§ **Problem to work on**: Output all the data exactly. Pictures do not belong in the copy.

# # #

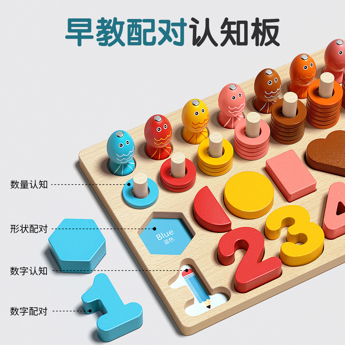 儿童数字积木玩具拼图蒙氏早教益智2到3岁宝宝手抓板认知启蒙教具
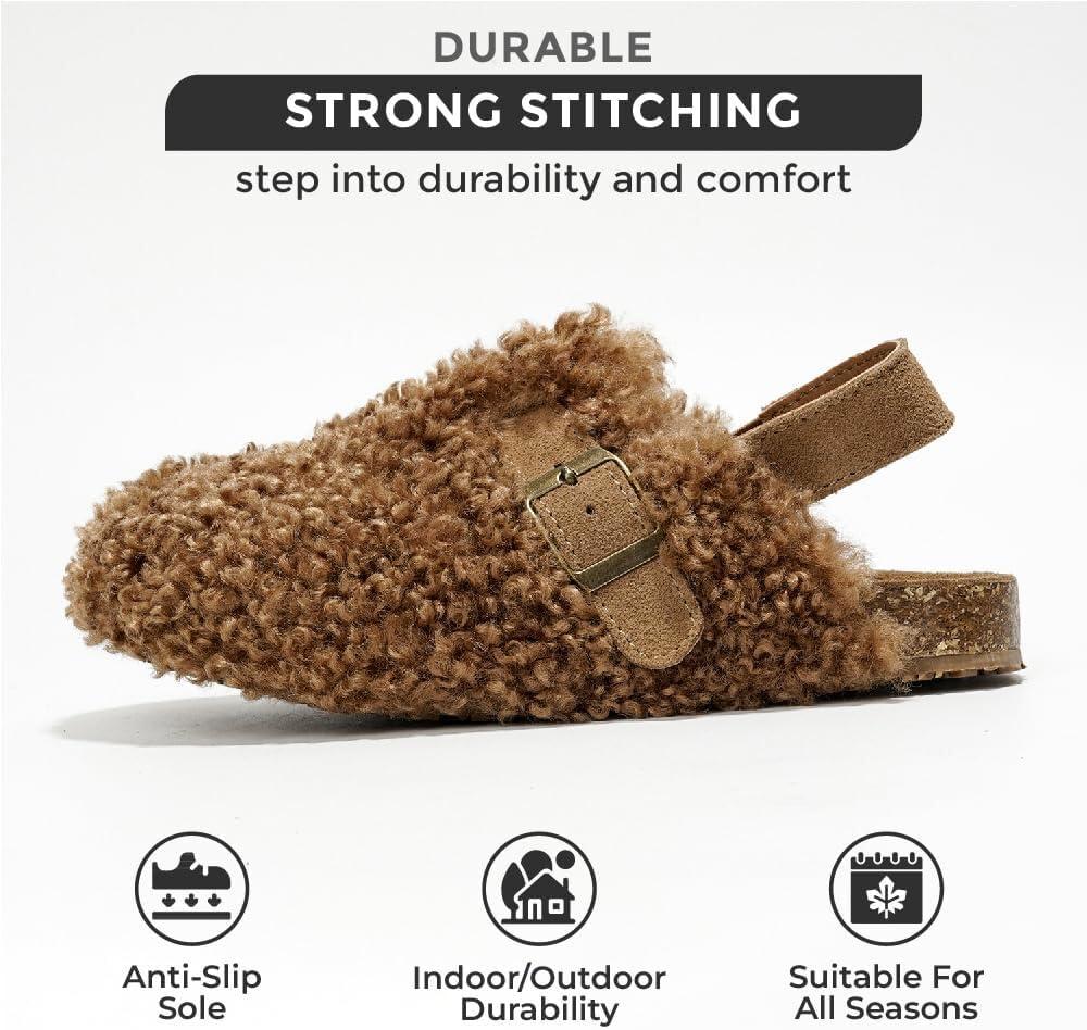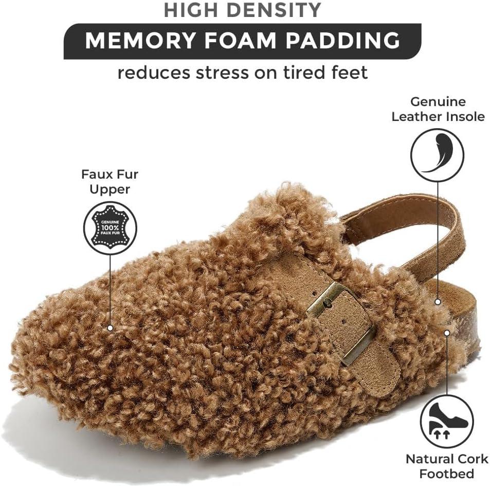 Project Cloud Clogs for Kids - Genuine Leather Kids Clogs with Cork Footbed Arch Support - Non-Slip Slippers & Sandals for Boys & Girls Footwear(Chestnut Fur Lined)
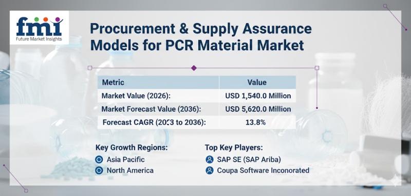 The global procurement & supply assurance models for PCR material market is projected to expand significantly over the next decade, increasing from USD 1,540.0 million in 2026 to USD 5,620.0 million by 2036, registering a CAGR of 13.8%, according to the latest analysis by Future Market Insights (FMI). Growth is being driven by increasing complexity in recycled material sourcing, rising procurement risk exposure, and the growing need for structured assurance…
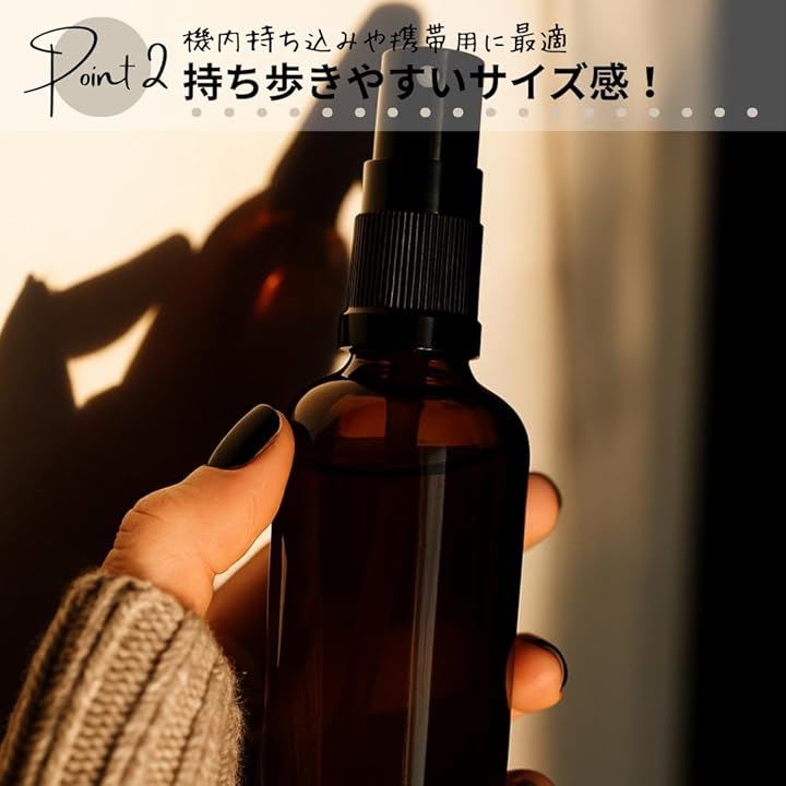 「旅行や外出にぴったり。持ち歩きやすいサイズ感。」コンパクトな100mLで、機内持ち込みや携帯用に最適。
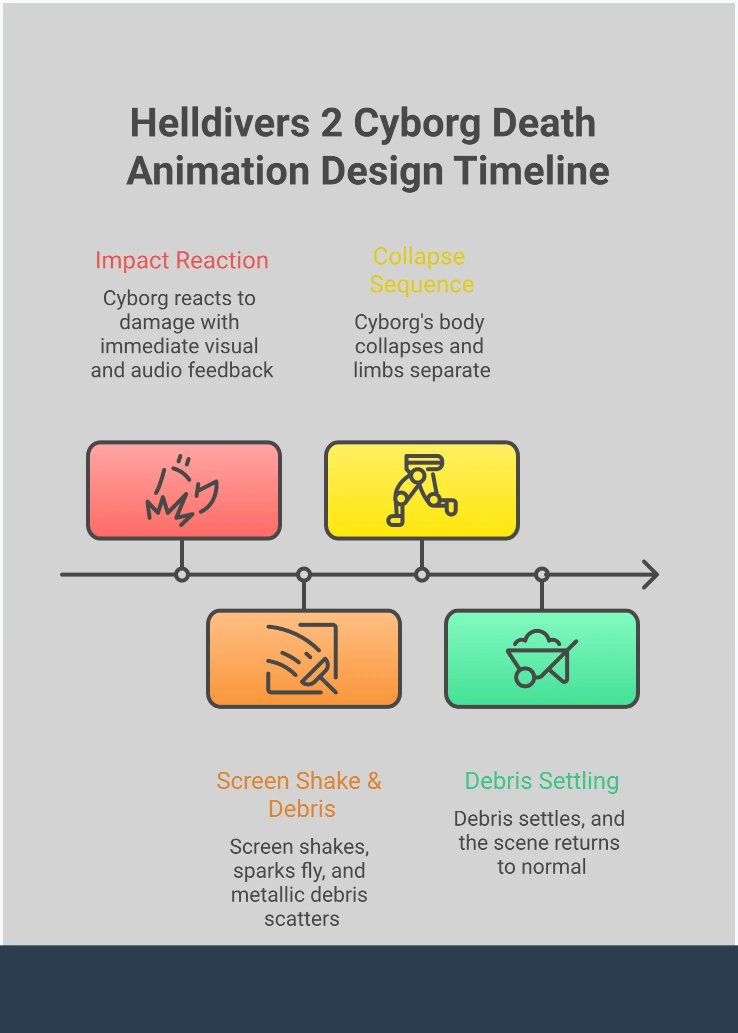 Анимирование персонажа, такого как Киборг из Helldivers, требует демонстрации как его роботизированной, так и органической сторон. Движется ли он с металлическими звуками и искрами, или он показывает след живого существа, которым когда-то был? Анимации кажутся неестественными, когда не соответствуют этим установленным характеристикам. Они могут быть слишком простыми, не иметь сильного эффекта или просто не соответствовать врагу, с которым мы сражаемся. Великолепные анимации дают нам ощущение воздействия, делая наши действия стоящими, в то время как плохие могут сломать нашу концентрацию и испортить впечатления.

# # #

§ **Completed task**:
 儿童数字积木玩具拼图蒙氏早教益智2到3岁宝宝手抓板认知启蒙教具
 Project Cloud Clogs for Kids - Genuine Leather Kids Clogs with Cork Footbed Arch Support - Non-Slip Slippers & Sandals for Boys & Girls Footwear(Chestnut Fur Lined)
 The global procurement & supply assurance models for PCR material market is projected to expand significantly over the next decade, increasing from USD 1,540.0 million in 2026 to USD 5,620.0 million by 2036, registering a CAGR of 13.8%, according to the latest analysis by Future Market Insights (FMI). Growth is being driven by increasing complexity in recycled material sourcing, rising procurement risk exposure, and the growing need for structured assurance…
 「旅行や外出にぴったり。持ち歩きやすいサイズ感。」コンパクトな100mLで、機内持ち込みや携帯用に最適。
 Анимирование персонажа, такого как Киборг из Helldivers, требует демонстрации как его роботизированной, так и органической сторон. Движется ли он с металлическими звуками и искрами, или он показывает след живого существа, которым когда-то был? Анимации кажутся неестественными, когда не соответствуют этим установленным характеристикам. Они могут быть слишком простыми, не иметь сильного эффекта или просто не соответствовать врагу, с которым мы сражаемся. Великолепные анимации дают нам ощущение воздействия, делая наши действия стоящими, в то время как плохие могут сломать нашу концентрацию и испортить впечатления.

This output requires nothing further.